The U.S. Department of Energy (DOE) Atmospheric Radiation Measurement (ARM) program User Facility produces ground-based long-term continuous unique measurements for atmospheric state, precipitation, turbulent fluxes, radiation, aerosol, cloud, and the land surface, which are collected at multiple sites. These comprehensive datasets have been widely used to calibrate climate models and are proven to be invaluable for climate model development and improvement. This article introduces an evaluation package to facilitate the use of ground-based ARM measurements in climate model evaluation. The ARM data-oriented metrics and diagnostics package (ARM-DIAGS) includes both ARM observational datasets and a Python-based analysis toolkit for computation and visualization. The observational datasets are compiled from multiple ARM data products and specifically tailored for use in climate model evaluation. In addition, ARM-DIAGS also includes simulation data from models participating the Coupled Model Intercomparison Project (CMIP), which will allow climate-modeling groups to compare a new, candidate version of their model to existing CMIP models. The analysis toolkit is designed to make the metrics and diagnostics quickly available to the model developers.
A set of standard metrics and diagnostics provides an effective way for climate modeling centers to routinely assess their model performance and judge the improvement of model simulations from new parameterizations. In the past, climate model developers have often relied on satellite remote sensing products to calibrate and tune their models. Satellite datasets provide great global coverage; however, it is difficult to apply satellite data in some process studies due to their poor temporal resolution. Therefore, utilizing detailed high-frequency ground-based measurements for a comprehensive collection of quantities can be a complementary test in model evaluation.
Over the past three decades, the U.S. Department of Energy (DOE) Atmospheric Radiation Measurement (ARM) program has established several permanent research sites and deployed a number of ARM Mobile Facilities (AMF) in diverse climate regimes around the world to collect long-term continuous field measurements of clouds, aerosols, and radiation and their associated large-scale environments.

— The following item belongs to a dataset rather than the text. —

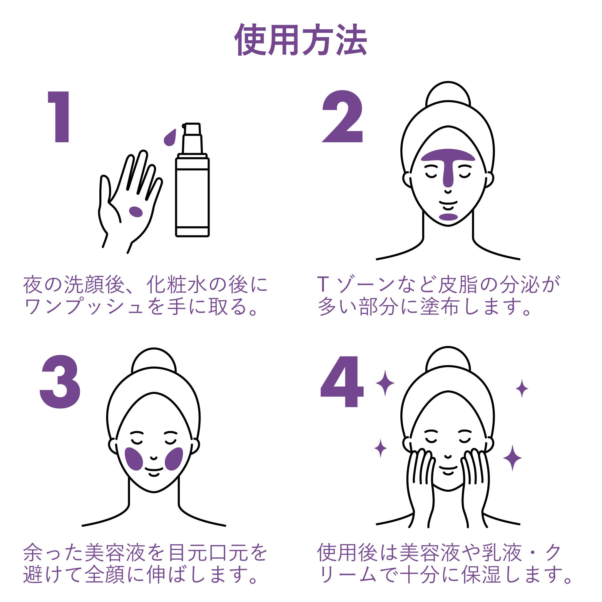 化粧水の後にワンプッシュを手に取り、Tゾーンを中心に目元口元を避けてご使用ください。

These detailed field observations have provided a unique observational basis specifically for understanding cloud and precipitation related processes and evaluating and improving their representations in climate models. However, ARM data have not been extensively utilized in current model development workflows. With the growing interest in the climate modeling community in developing process-oriented metrics and diagnostics to aid parameterization development (Maloney et al. 2019), the high-frequency process-oriented ARM observations should play a more important role in future metrics and diagnostics development.
In this article, we introduce the recently developed ARM data-oriented metrics and diagnostics package (ARM-DIAGS) for the global climate community to facilitate the use of ARM field data in climate model evaluation. The focus is on unique ARM observations on clouds and aerosols, as well as process-oriented diagnostics that are particularly aimed to improve the representation of cloud and precipitation related processes in climate models, such as those included in the Coupled Model Intercomparison Project (CMIP). The package is available publicly with the hope that it can serve as an easy entry point for climate modelers to compare their models with ARM data and supplemented CMIP datasets.
Overview of the ARM data-oriented metrics and diagnostics package
The ARM-DIAGS development closely follows the CMIP protocol to efficiently distribute ARM metrics and diagnostics package along with other metrics packages to the CMIP community and other climate modeling centers. For this purpose, the diagnostic toolkit is built with the Python programming language and utilizes Python libraries for scientific analysis (such as NumPy and matplotlib). Additional Python packages developed by DOE [i.e., the Community Data Analysis Tools (CDAT), https://cdat.llnl.gov/] are also used. Four components are currently included in the ARM-DIAGS: 1) a Python-based analysis program; 2) an ARM-based collection of mean and diurnal and seasonal cycle climatologies as well as high time frequency data for process-oriented diagnostics; 3) a database of simulation data from models contributed to the CMIP project; and 4) relevant technical documentations for ARM-DIAGS.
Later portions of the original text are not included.